[THE TASK]:
Reproduce exactly, and only, the lines of the material below running from the line bearing "The relics are" through the line bearing "Set 100 cutii". Leave any pictures out.

╭──

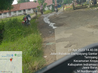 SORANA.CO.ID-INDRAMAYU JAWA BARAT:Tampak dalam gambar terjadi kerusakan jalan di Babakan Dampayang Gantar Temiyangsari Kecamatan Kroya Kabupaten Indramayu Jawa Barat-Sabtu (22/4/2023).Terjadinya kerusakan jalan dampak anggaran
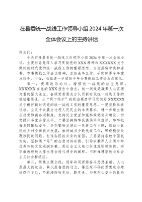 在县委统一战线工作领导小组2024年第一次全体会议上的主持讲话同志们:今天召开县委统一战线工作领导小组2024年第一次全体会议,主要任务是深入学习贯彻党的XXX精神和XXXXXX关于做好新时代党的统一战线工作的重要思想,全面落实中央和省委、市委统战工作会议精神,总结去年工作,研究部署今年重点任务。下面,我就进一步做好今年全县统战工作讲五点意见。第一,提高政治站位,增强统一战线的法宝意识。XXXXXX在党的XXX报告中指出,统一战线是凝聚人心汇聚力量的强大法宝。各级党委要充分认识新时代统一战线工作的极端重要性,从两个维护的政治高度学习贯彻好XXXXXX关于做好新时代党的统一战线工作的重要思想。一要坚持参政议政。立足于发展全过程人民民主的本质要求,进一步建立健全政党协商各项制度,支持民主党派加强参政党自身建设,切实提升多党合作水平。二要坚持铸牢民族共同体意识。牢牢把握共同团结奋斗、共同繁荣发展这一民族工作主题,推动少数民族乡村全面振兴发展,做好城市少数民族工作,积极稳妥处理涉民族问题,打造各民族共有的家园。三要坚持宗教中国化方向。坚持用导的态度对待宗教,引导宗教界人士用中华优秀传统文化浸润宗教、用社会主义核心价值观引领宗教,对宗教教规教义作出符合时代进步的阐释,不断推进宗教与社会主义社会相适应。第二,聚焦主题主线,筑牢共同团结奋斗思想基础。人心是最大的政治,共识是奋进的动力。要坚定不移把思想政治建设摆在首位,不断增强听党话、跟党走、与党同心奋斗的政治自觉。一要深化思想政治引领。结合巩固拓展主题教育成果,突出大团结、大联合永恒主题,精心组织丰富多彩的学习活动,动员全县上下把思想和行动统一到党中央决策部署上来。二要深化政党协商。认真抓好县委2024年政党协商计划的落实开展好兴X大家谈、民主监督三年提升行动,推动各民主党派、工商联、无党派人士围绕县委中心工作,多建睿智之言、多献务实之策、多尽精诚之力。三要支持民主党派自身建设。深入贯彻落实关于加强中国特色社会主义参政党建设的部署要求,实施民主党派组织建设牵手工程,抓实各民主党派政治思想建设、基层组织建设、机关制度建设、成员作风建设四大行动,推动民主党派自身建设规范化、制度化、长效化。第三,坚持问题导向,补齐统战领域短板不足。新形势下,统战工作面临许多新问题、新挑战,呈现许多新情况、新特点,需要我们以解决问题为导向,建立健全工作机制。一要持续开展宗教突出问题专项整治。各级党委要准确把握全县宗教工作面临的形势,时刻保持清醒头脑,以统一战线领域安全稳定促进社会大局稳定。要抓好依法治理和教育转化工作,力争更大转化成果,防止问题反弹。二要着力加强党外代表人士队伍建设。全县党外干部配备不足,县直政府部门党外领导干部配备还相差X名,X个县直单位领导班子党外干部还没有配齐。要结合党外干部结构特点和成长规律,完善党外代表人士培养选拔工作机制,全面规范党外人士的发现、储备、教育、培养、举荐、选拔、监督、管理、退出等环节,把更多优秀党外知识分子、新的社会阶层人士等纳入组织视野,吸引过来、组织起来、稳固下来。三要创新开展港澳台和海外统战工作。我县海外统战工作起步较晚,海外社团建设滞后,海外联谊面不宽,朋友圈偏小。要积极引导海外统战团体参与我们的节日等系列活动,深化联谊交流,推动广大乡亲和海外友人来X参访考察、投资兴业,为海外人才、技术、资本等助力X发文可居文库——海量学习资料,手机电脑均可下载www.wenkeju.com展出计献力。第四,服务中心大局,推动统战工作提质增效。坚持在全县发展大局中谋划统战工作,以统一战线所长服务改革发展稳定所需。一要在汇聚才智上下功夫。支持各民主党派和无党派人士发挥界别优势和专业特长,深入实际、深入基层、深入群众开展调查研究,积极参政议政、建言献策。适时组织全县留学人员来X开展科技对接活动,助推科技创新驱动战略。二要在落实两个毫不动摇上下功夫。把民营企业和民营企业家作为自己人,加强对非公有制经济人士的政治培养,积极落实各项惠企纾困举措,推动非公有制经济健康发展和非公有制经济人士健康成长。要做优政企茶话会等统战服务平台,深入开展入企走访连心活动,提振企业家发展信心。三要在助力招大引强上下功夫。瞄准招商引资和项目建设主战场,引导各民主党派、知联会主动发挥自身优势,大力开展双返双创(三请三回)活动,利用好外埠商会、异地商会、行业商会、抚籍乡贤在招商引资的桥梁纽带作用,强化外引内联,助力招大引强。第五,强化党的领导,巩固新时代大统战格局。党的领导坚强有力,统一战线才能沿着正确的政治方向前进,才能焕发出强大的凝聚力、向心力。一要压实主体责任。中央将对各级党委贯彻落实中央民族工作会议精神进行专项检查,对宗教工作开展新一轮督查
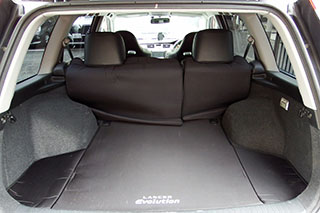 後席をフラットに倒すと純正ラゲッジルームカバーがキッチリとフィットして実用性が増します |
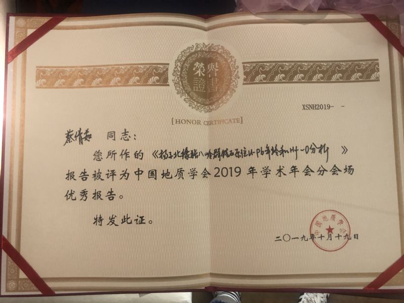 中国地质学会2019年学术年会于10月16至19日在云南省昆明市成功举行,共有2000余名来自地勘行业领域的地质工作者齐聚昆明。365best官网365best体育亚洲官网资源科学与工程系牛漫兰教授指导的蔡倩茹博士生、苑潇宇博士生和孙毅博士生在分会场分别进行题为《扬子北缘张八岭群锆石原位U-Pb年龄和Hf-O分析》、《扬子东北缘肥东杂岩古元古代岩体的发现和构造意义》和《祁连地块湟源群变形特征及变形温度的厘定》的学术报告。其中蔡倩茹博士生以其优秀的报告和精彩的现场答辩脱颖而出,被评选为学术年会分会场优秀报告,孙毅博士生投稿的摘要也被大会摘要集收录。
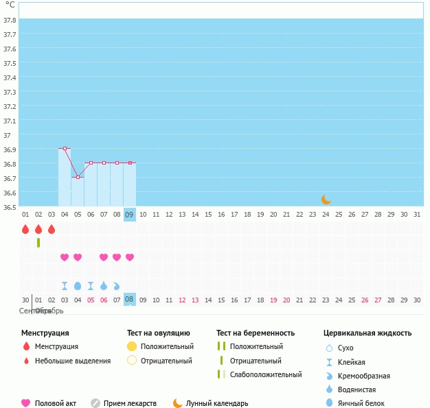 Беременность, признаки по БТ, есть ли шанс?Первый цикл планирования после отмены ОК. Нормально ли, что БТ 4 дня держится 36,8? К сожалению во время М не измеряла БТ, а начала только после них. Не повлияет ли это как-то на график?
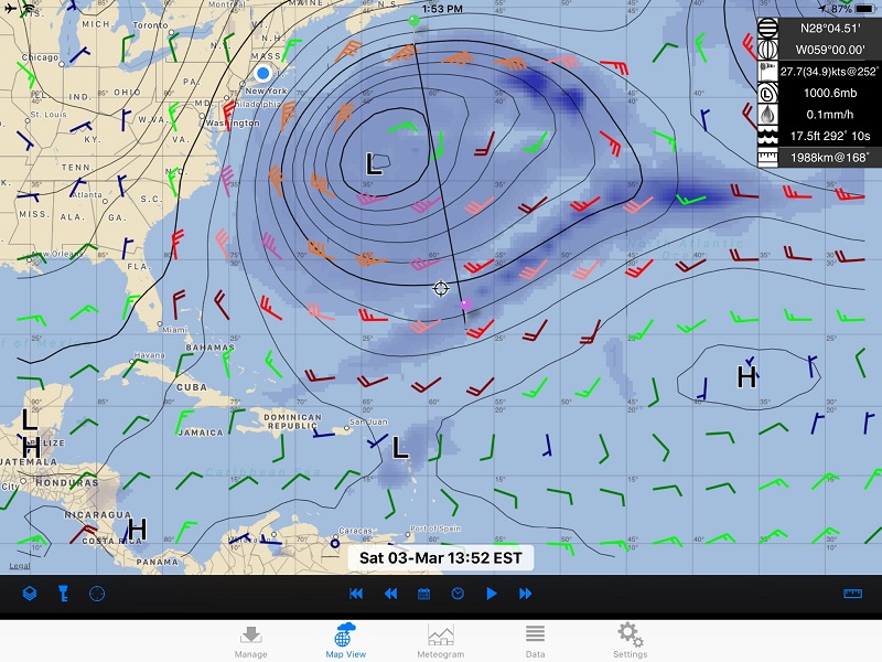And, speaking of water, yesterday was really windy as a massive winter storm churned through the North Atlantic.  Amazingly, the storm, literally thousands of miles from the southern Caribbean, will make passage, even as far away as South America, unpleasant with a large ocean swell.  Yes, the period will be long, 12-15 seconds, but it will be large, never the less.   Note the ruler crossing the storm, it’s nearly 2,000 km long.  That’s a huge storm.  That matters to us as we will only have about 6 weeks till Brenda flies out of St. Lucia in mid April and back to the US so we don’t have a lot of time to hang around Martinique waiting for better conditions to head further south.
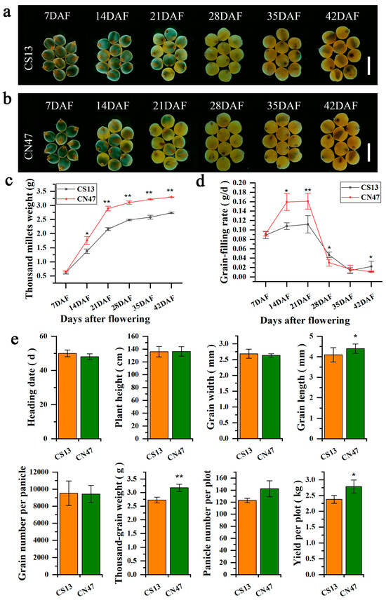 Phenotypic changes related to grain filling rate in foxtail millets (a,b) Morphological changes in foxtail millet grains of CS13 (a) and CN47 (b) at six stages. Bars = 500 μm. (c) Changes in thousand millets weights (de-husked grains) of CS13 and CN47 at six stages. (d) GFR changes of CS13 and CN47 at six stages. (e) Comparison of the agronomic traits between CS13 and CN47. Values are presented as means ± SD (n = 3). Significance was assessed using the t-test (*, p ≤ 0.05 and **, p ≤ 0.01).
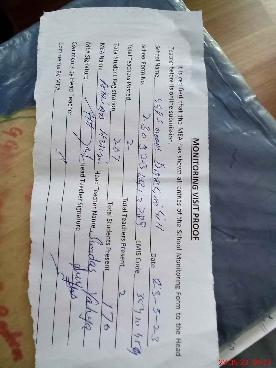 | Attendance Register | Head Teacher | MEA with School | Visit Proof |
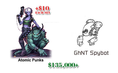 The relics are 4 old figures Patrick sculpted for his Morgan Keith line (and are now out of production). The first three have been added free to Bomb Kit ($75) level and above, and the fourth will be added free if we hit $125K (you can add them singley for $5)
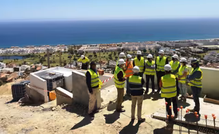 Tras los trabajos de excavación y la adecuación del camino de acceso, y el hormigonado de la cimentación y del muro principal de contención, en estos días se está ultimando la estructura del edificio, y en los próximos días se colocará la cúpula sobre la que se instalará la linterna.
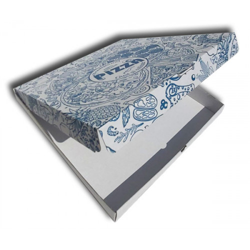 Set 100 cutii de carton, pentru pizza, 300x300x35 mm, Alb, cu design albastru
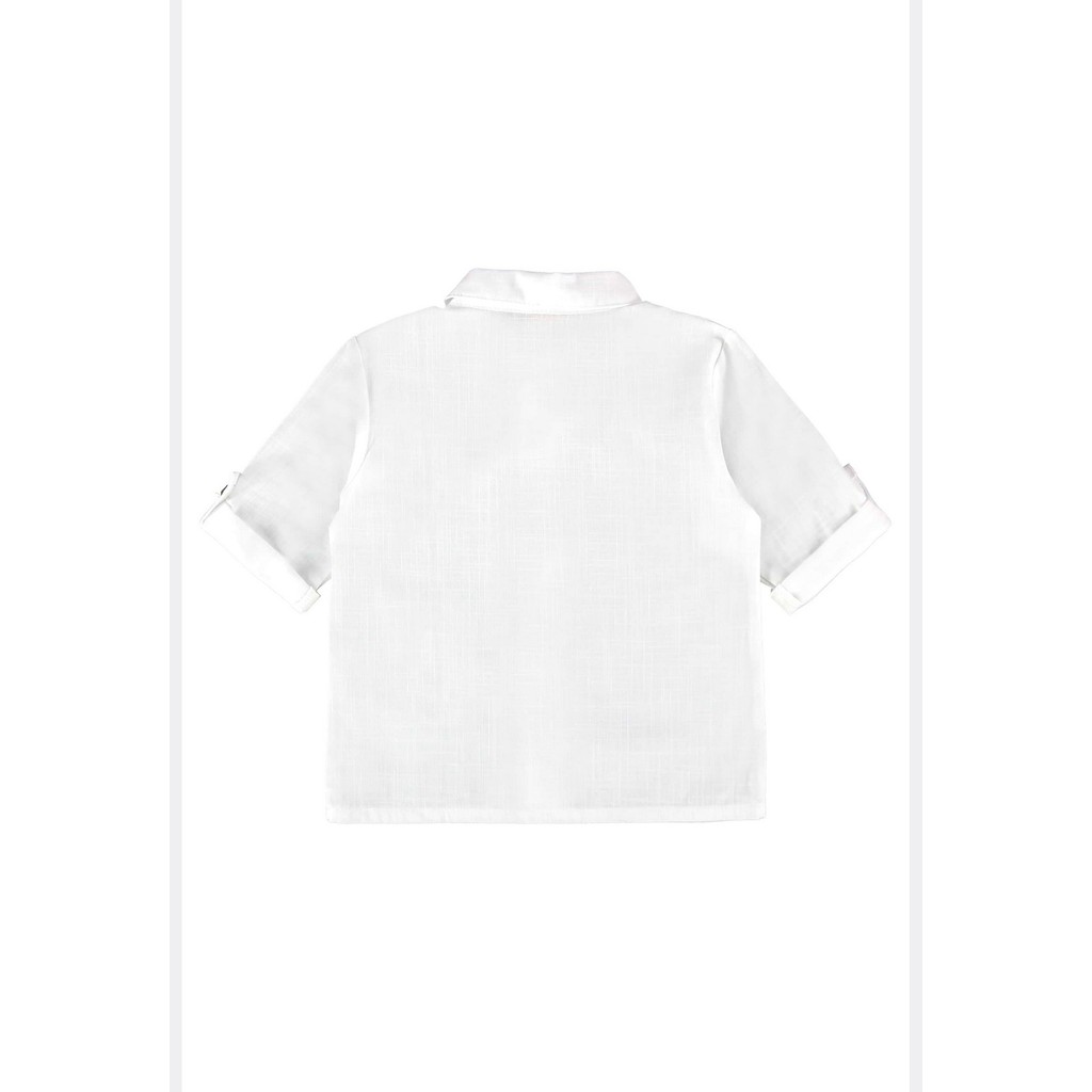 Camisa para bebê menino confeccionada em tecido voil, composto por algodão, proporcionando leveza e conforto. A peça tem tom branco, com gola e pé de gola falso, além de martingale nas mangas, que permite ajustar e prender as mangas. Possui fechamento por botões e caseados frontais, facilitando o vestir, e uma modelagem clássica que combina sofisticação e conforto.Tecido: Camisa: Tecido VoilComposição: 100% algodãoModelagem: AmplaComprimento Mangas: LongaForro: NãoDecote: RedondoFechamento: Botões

╰──

[RESULT BELOW]:
 The relics are 4 old figures Patrick sculpted for his Morgan Keith line (and are now out of production). The first three have been added free to Bomb Kit ($75) level and above, and the fourth will be added free if we hit $125K (you can add them singley for $5)
 Tras los trabajos de excavación y la adecuación del camino de acceso, y el hormigonado de la cimentación y del muro principal de contención, en estos días se está ultimando la estructura del edificio, y en los próximos días se colocará la cúpula sobre la que se instalará la linterna.
 Set 100 cutii de carton, pentru pizza, 300x300x35 mm, Alb, cu design albastru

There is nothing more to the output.